DATA LISTING:
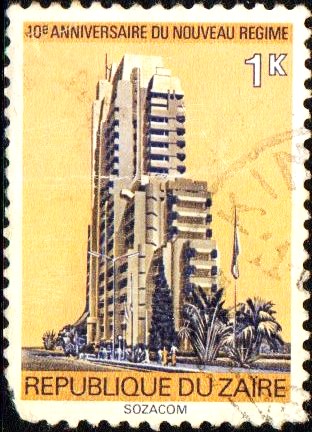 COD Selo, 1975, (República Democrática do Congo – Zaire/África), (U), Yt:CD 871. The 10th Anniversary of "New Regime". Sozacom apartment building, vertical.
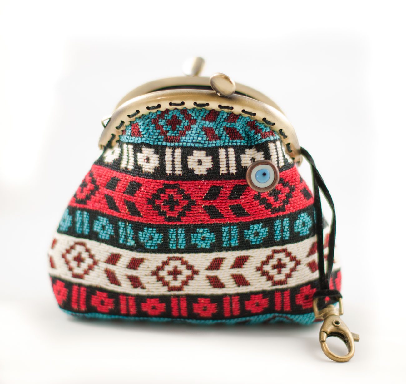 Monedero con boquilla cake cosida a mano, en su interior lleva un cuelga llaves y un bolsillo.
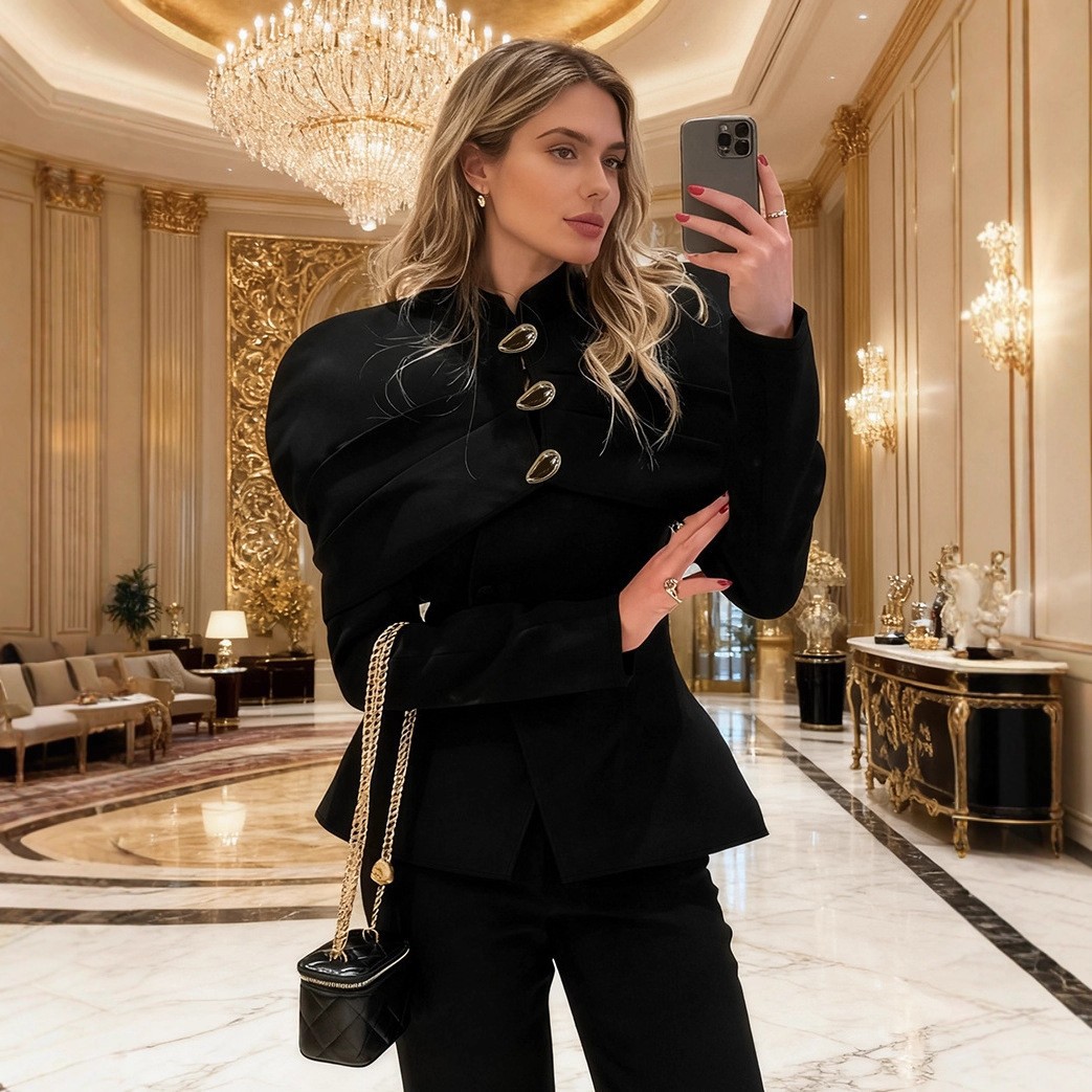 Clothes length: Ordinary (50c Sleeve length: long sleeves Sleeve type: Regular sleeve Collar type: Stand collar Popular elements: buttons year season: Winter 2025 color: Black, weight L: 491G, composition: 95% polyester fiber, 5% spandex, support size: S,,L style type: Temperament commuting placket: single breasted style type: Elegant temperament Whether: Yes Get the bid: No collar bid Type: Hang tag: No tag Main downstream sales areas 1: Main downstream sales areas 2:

--

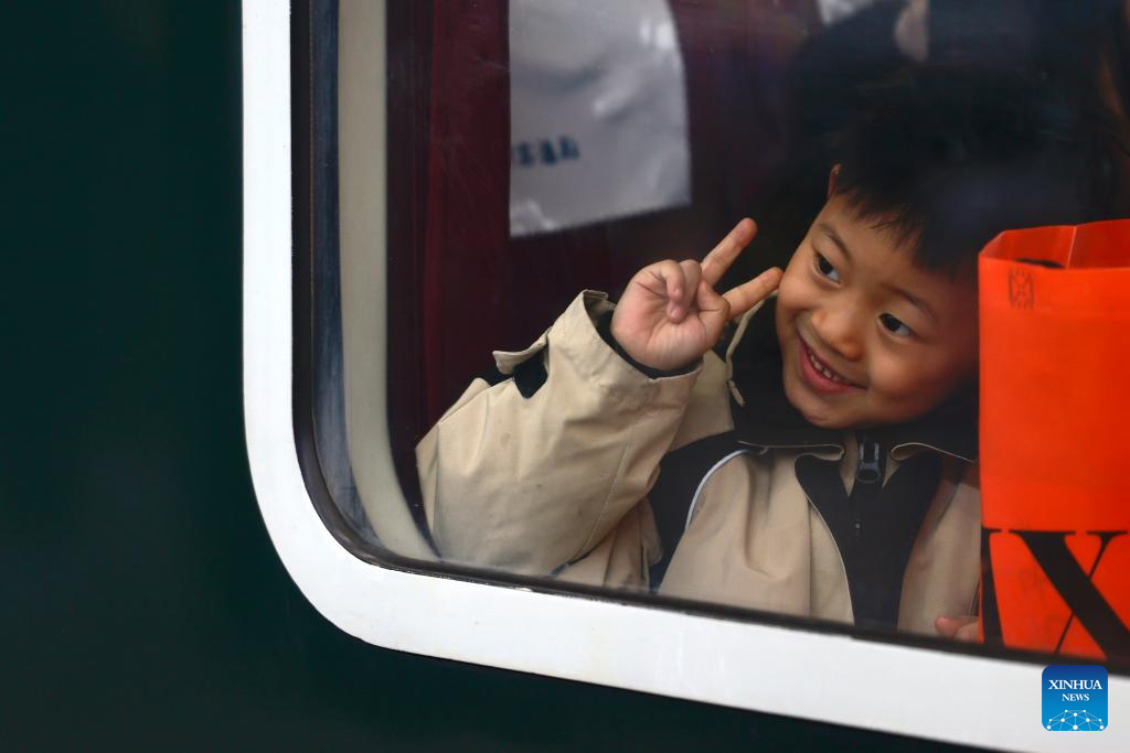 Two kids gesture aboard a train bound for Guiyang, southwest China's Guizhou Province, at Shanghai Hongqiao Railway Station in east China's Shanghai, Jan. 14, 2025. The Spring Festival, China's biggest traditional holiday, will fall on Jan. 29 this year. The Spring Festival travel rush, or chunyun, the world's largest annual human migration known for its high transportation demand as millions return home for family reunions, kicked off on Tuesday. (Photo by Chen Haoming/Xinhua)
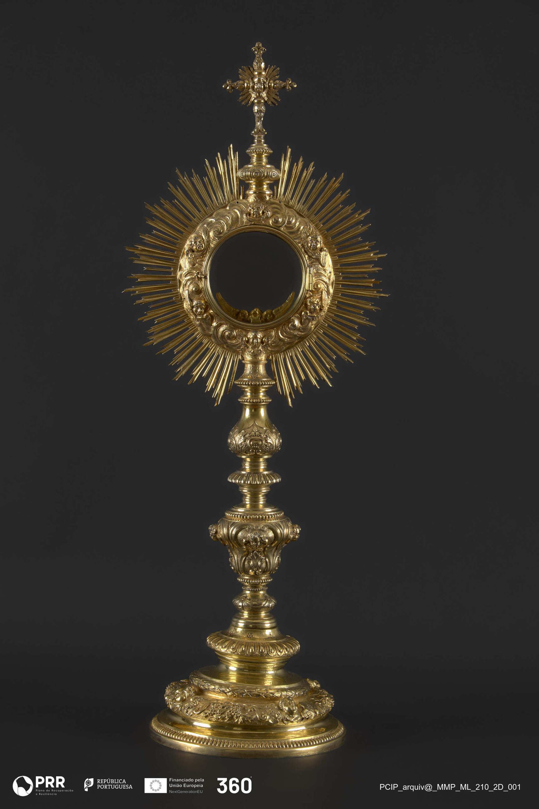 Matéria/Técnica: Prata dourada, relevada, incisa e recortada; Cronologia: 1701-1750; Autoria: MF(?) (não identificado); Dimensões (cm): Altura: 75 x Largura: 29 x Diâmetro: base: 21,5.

GOAL OF THE EXERCISE: Once the line with "COD Selo, 1975, (República" is found in the data above, reproduce it and each line after it exactly, through the line with "Monedero con boquilla". Omit the pictures.

TASK SOLUTION:
 COD Selo, 1975, (República Democrática do Congo – Zaire/África), (U), Yt:CD 871. The 10th Anniversary of "New Regime". Sozacom apartment building, vertical.
 Monedero con boquilla cake cosida a mano, en su interior lleva un cuelga llaves y un bolsillo.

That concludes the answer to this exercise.